• DATA SUPPLIED:
-- -- --

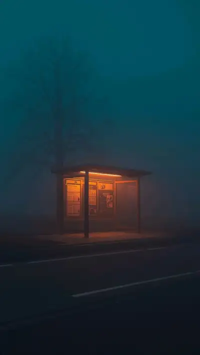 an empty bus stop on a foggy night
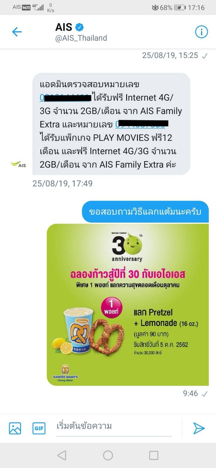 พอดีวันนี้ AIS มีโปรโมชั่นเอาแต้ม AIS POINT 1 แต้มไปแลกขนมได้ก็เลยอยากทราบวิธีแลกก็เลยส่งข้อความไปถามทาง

-- -- --

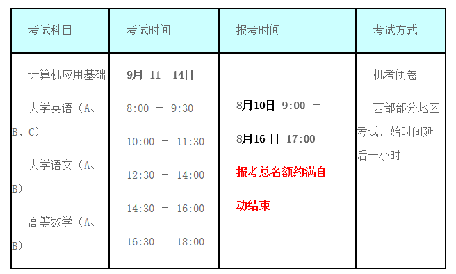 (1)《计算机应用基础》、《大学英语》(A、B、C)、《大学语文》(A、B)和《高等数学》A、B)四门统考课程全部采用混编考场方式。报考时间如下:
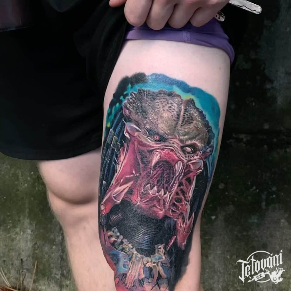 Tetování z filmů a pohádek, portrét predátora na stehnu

-- -- --

From the data above, return exactly the lines from the one with "(1)《计算机应用基础》、《" up to and including the one with "Tetování z filmů". Pictures do not go in the copy.

• SOLUTION FOR THIS TASK:
 (1)《计算机应用基础》、《大学英语》(A、B、C)、《大学语文》(A、B)和《高等数学》A、B)四门统考课程全部采用混编考场方式。报考时间如下:
 Tetování z filmů a pohádek, portrét predátora na stehnu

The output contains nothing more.